I think this is a huge deal because we’ve lived these situations, especially doing Managed Services, and there’s nothing you can do about it. There’s not much you can tell the client other than wait it out because otherwise, we will end up with an inconsistent database.
It’s going to make all of those situations a lot easier. And you don’t have to do anything, that’s the nicest part about this. It will simply work this way from now on.
New SQL Server VM Azure Resource Provider
The Azure Resource Provider is the way that Azure Automation, the Azure Resource Manager, operates on cloud resources. It is the infrastructure as code and declarative deployment mechanisms that are underlying Azure. So when you create a VM and you want to create a template to create a VM with the virtual network and a storage account, you basically write commands against the VM resource provider, the storage resource provider, and the network resource provider. And then you deploy that as a template and Azure does its work and poof! You have some infrastructure in the cloud or some services deployed.
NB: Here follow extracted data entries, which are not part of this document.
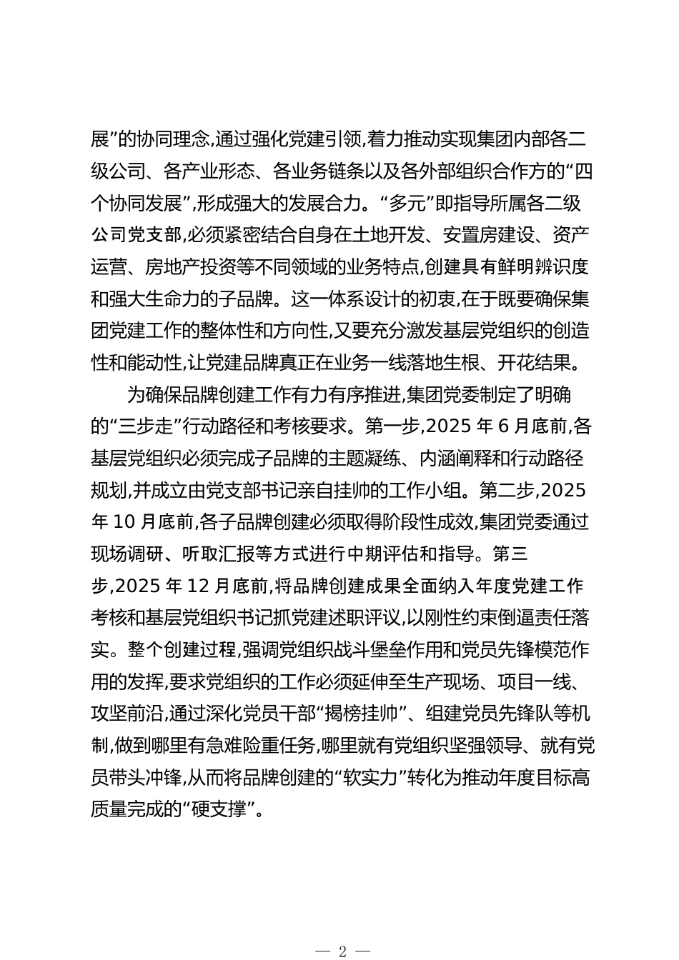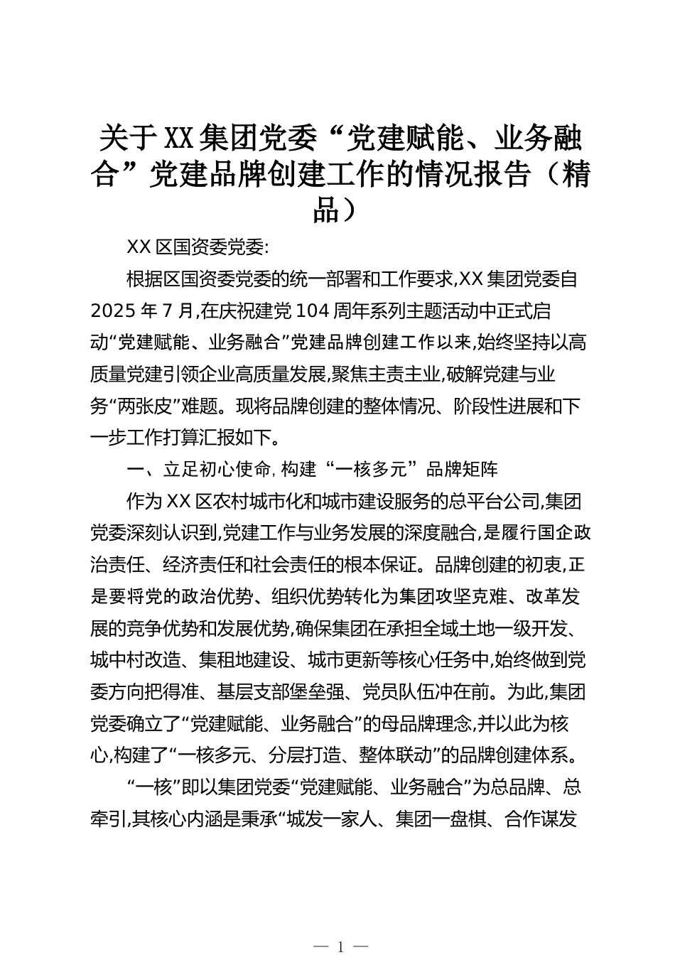 關(guān)于XX集團黨委“黨建賦能、業(yè)務(wù)融合”黨建品牌創(chuàng)建工作的情況報告(精品)XX區(qū)國資委黨委:根據(jù)區(qū)國資委黨委的統(tǒng)一部署和工作要求,XX集團黨委自2025年7月,在慶祝建黨104周年系列主題活動中正式啟“”黨建能、融合黨建品牌建工作以來動賦業(yè)務(wù)創(chuàng),始終堅持以高質(zhì)量黨建引領(lǐng)企業(yè)高質(zhì)量發(fā)展,聚焦主責(zé)主業(yè),破解黨建與業(yè)“”務(wù)兩張皮難題?,F(xiàn)將品牌創(chuàng)建的整體情況、階段性進展和下一步工作打算匯報如下。一、立足初心使命,構(gòu)建“一核多元”品牌矩陣作為XX區(qū)農(nóng)村城市化和城市建設(shè)服務(wù)的總平臺公司,集團黨委深刻認(rèn)識到,黨建工作與業(yè)務(wù)發(fā)展的深度融合,是履行國企政治責(zé)任、經(jīng)濟責(zé)任...
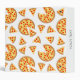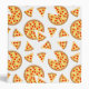 Cool and fun pizza slices pattern on white for birthday pizza party. Juicy vector made pizza with crunchy crust, cheese, salami, champignon mushrooms, olives and a sprinkle of oregano.
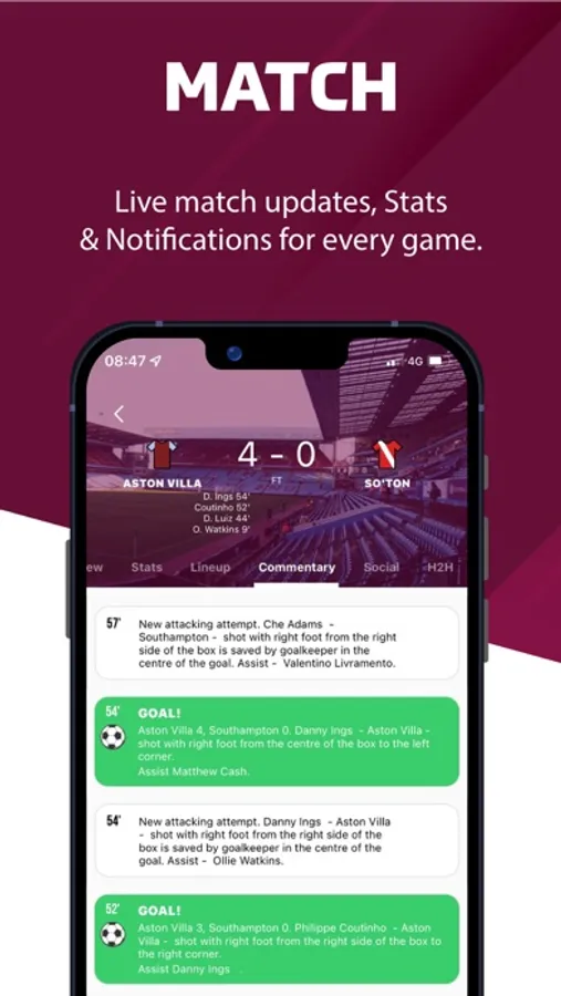 The number one football app for Aston Villa fans! Get your Aston Villa live scores, instant goal alerts, breaking news, transfer updates, match stats, match highlights, fixtures, results, and Aston Villa fan podcasts all in one place.
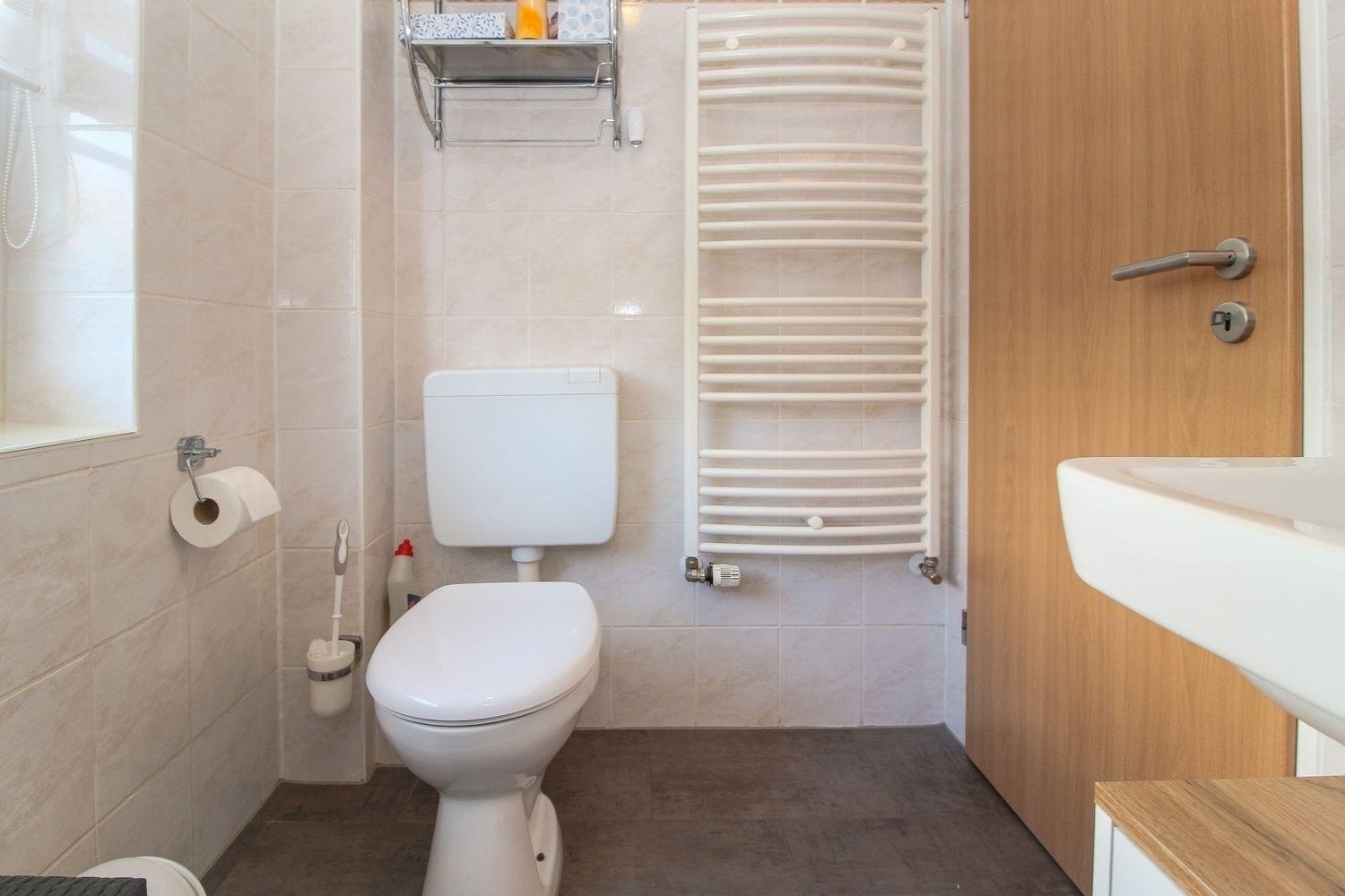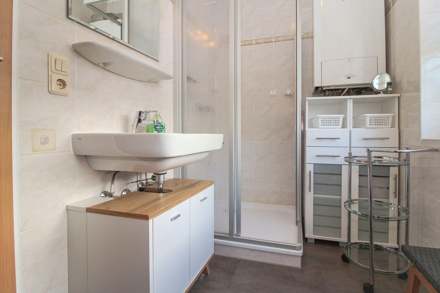 Sie finden in der Wohnung ein modernes Tageslicht-Badezimmer mit Dusche (flacher Einstieg), WC und Waschtisch.
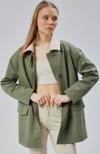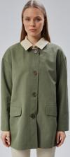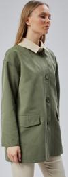 Lela Pamuk Karışımlı Oversize Ceket Yaka Düğmeli Kısa Bayan Trençkot 6839627 VİZON - Image 1
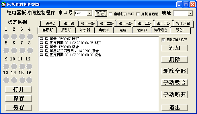 RS485 модуль управления реле, может использовать компьютер через USB до 485 контроллер подключения интерфейса для управления оборудованием, выход переключателя интерфейса, обычная точка открытия, может быть установлен с помощью программного обеспечения управления временем, может установить несколько точек отдельно, несколько точек закрыть, Ежедневно или в соответствии с неделей, может зафиксировать дату, а также может зафиксировать дату и время, как и интеллектуальный мобильный телефон, программное обеспечение для работы с будильником можно установить имя каждой дороги, Время для пользователей для редактирования информации в виде обработки документов, удобное для пользователей. Примечание: регулярное использование этого продукта, информация о времени, хранящаяся в компьютере, отправляется компьютером во время соответствующего командного переключателя, управляющего переключателя, необходимо всегда поддерживать связь и компьютер. Это онлайн-версия
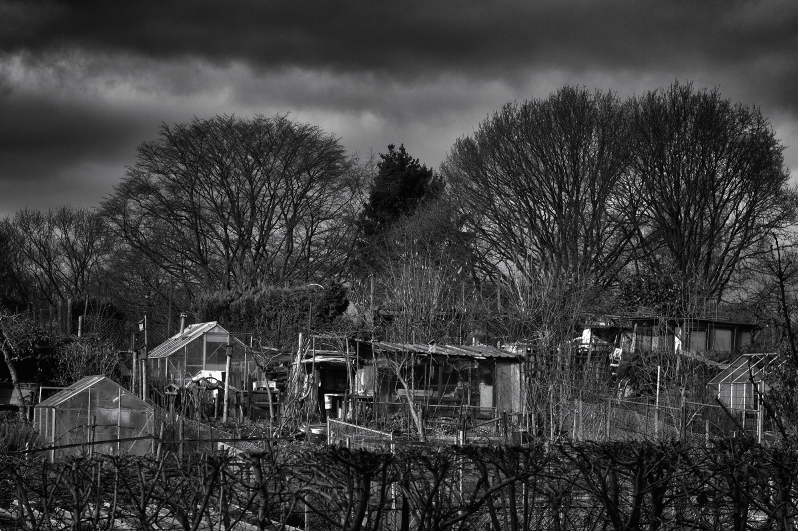 Volkstuintjes Arnhem Zwartwitfotografie Fotografie Verborgen Landschap Bomen Verscholen Kassen Objecten Tuintjes
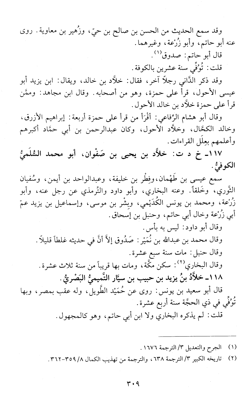 117 - خ د ت: خلاد بن يحيى بن صَفْوان، أبو محمد السُّلَميّ الكُوفيُّ. [الوفاة: 211 - 220 ه]
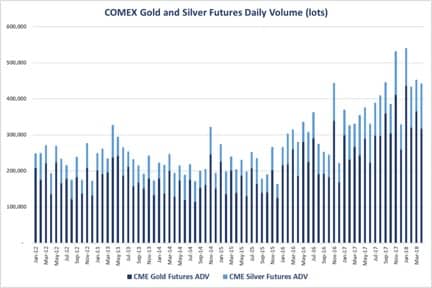 CME Group’s Globex, the electronic trading platform, was developed to enable the exchange to become a global marketplace with an after-hours trading platform. The ability to conduct electronic trading round-the-clock was an important factor behind the volume growth of COMEX gold and silver volumes. Before that innovation, transactions were conducted primarily on the trading floor where buyers and sellers had to physically gather together to negotiate prices during U.S. business hours.
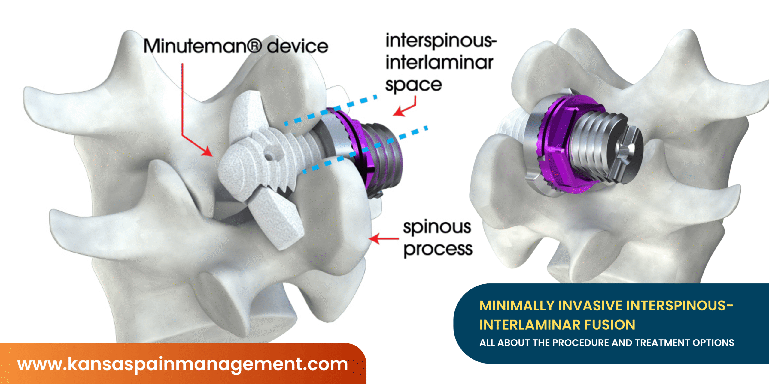 The minimally invasive interspinous-interlaminar fusion is a treatment option offered for patients with spinal stenosis who have failed to manage their pain with conservative treatments and medications. Patients with spinal stenosis typically have increased back pain when straightening out their back, such as when they are sleeping or standing/sitting up straight for extended periods of time. The procedure involves widening of the interlaminar space of the spinal sections, while fusing the vertebrae together to provide stability.
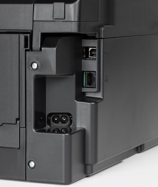 Подающих лотков два, задний рассчитан на 100 листов (здесь и далее с плотностью 80 г/м², если не указано иное), в рабочем положении его наружная крышка откидывается назад, лоток выдвигается вверх и фиксируется под углом около 45 градусов от вертикали. Имеются боковые ограничители для выравнивания стопки бумаги, на них предусмотрены отметки максимального уровня загрузки.
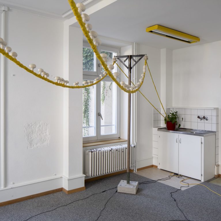 Champignons, entraide, réseaux, communication, domestication de la nature, difficile compréhension, intérieur, urbanité, dehors, même si le courant passe nous ne sommes pas certain.e.s de nous comprendre, le sous-sol en l’air, symboles, clichés, plantes, scientifico-politique, l’humain n’a pas réussi à dominer le champignons, non, et le blob nous survivra, comment se relier sans perdre prise, il faut stresser le mycelium des champignons de Paris pour qu’ils produisent des fruits, ces organes sexuels que nous mangeons, il faut les stresser pour qu’ils produisent, c’est drôle, ça me fait penser à nos systèmes économiques.
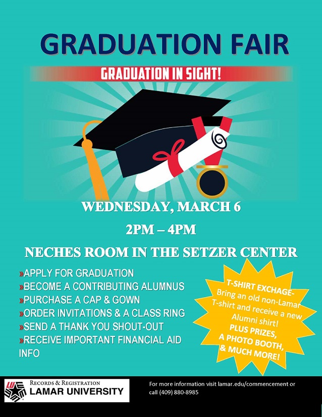 Your time at Lamar University will be full of unforgettable moments, and the greatest of these is the day you graduate. It is our honor to celebrate this milestone with you and congratulate you on this great accomplishment.
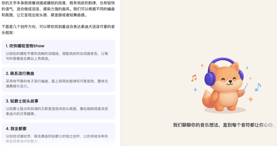 先带大家来试听嘻哈宠物风格的: 大家可以对生成的6首歌曲都试听一下,选择自己喜欢的开始制作。
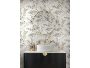 Bílá vliesová tapeta na zeď, květinový vzor evokuje malbu akvarelem, odstíny šedé a béžové, metalické detaily.
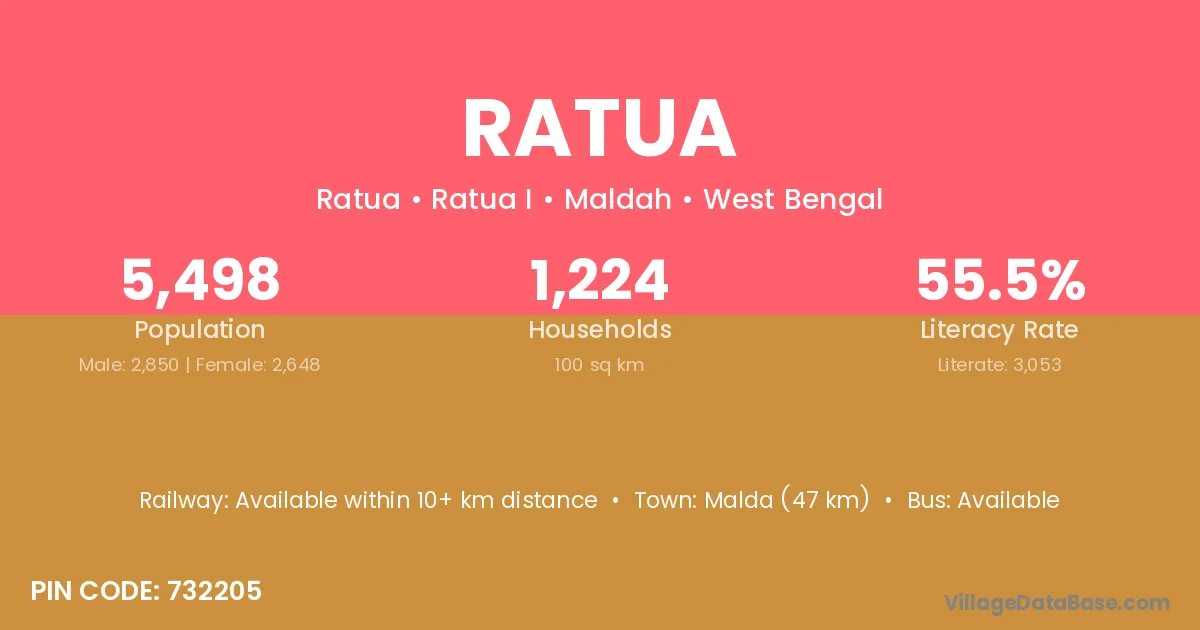 The literacy rate of Ratua village is 55.72%. Male literacy stands at 68.78% and female literacy at 39.29%.
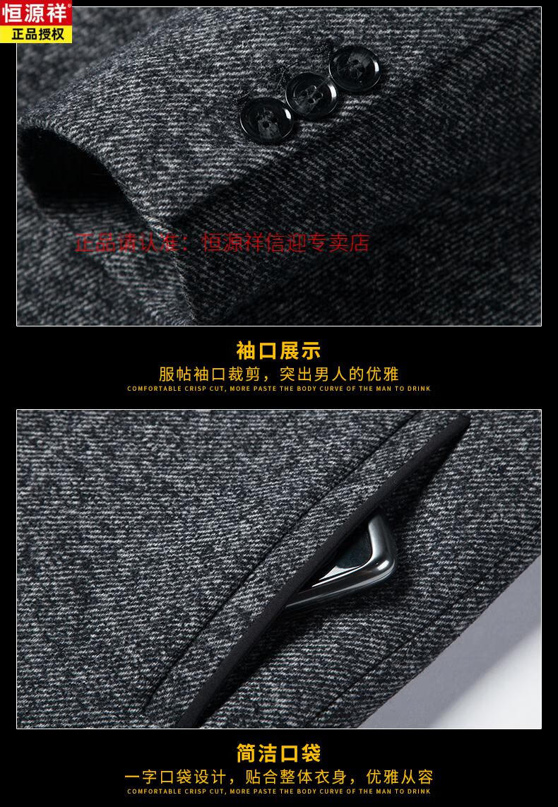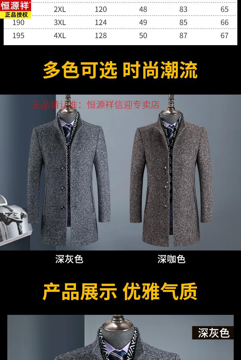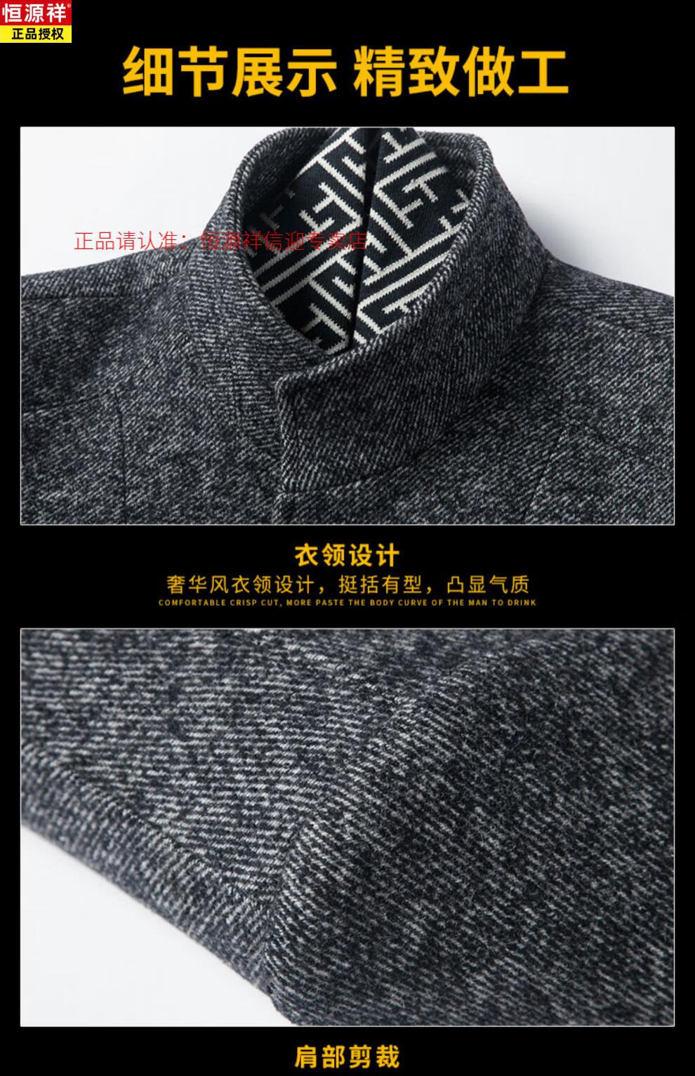 Hengyuanxiang autumn and winter middle-aged woolen woolen coat British casual windbreaker men's thickened Nizi stand-up collar coat 828 gray stand-up 175/L
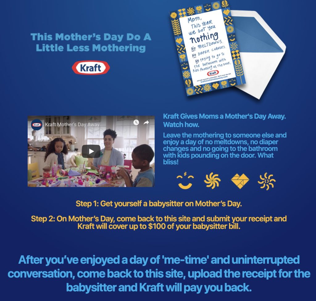 The fine print says that you hire a babysitter (can be either an actual service or a private individual; no news on what kind of vetting they will do to see if it’s a babysitter or a “babysitter”. Then submit it to https://www.kraftmothersdayaway.com/ starting on Sunday May 12th
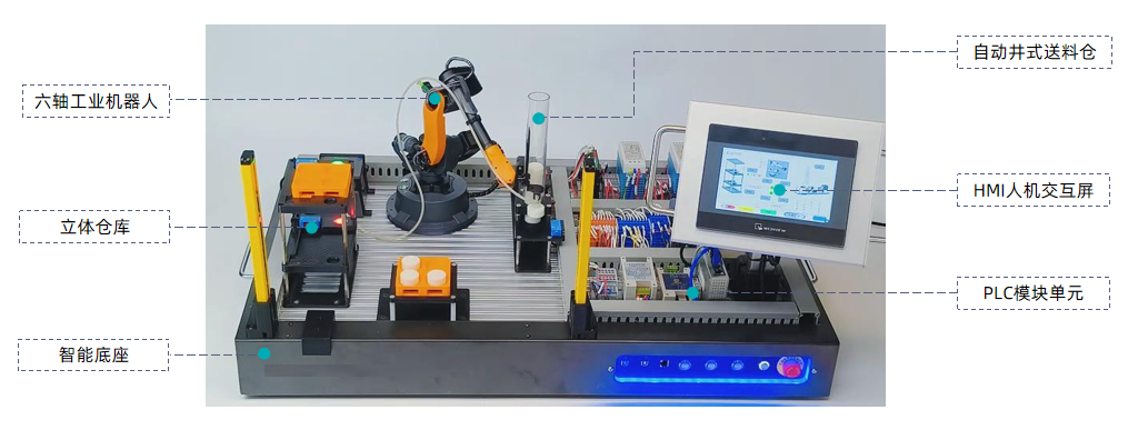 LG-JQRSX型 機(jī)器人PLC實(shí)訓(xùn)工作站由桌面級(jí)工業(yè)六軸機(jī)器人、自動(dòng)井式出料機(jī)、PLC控制模塊、立體倉(cāng)儲(chǔ)單元及HMI人機(jī)交互單元組成。
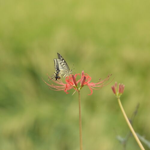 2016年9月25日の日曜の朝、11時半に撮った写真です。 秋の訪れを告げる彼岸花。優雅なアゲハ蝶が舞いおりる、美しい一瞬でした。
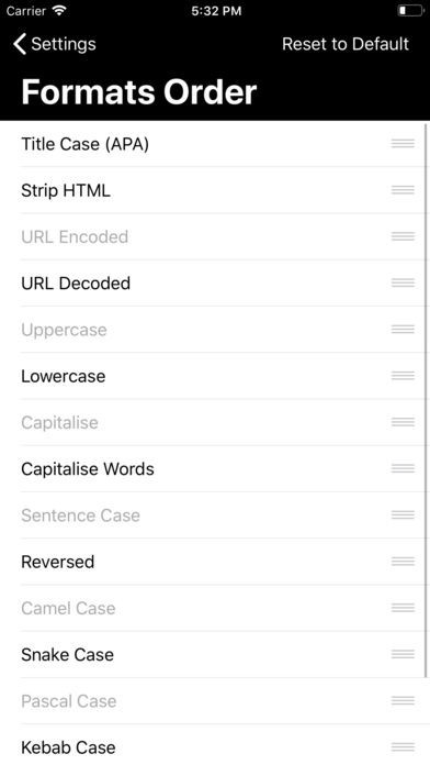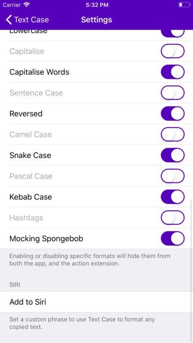 All formats are available to be used with Siri Shortcuts. Every time you copy or share the result of a text conversion, iOS will be made aware and can suggest these actions to you in the future. You can also manually add a format to Siri by going tapping on Settings, and then the "Add to Siri" button at the bottom.
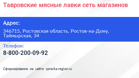 Тавровские мясные лавки, сеть магазинов по адресу 346715, Ростовская область, Ростов-на-Дону, Таймырская, 34 в дальнейшем Организация, размещена в следующих категориях:

The new thing here is they are adding a SQL Server Resource Provider. So machines running SQL Server will have their own resource provider. This means that Azure itself will be aware of treating machines that have SQL Server inside of them differently than general VMs. And that also means that you as an Azure user will be able to leverage this distinction.
This opens new automation scenarios. It even opens up new licensing scenarios because it used to be that if you deployed a machine with a certain type of license on it, you would not be able to switch it easily into another one. For example, if you use one of the pay-as-you-go from the marketplace, you wouldn’t be able to easily switch it to be your own license even if you’ve purchased it after the fact. You’d have to take backups, redeploy the VM, and restore the backups.
With this new resource provider, they’re adding the capability that you can just declaratively run a command and tell Azure, “I am switching this VM from pay-as-you-go to my own license.” It opens another scenario, too, where they can make SQL Server features available at a higher level declaratively and people don’t have to worry about how they work.
The first one they are working on right now is for availability groups. So you are going to be able to say, “I want an availability group that has three nodes and is using this storage account as the witness.” And you just deploy that declaratively and in the background, Azure will create the Windows cluster. It is going to add the nodes to that cluster and it is going to create the availability group and set up SQL and configure it in SQL. So it is going to open up automation scenarios for SQL Server that were not possible before or where a lot more complex to pull off.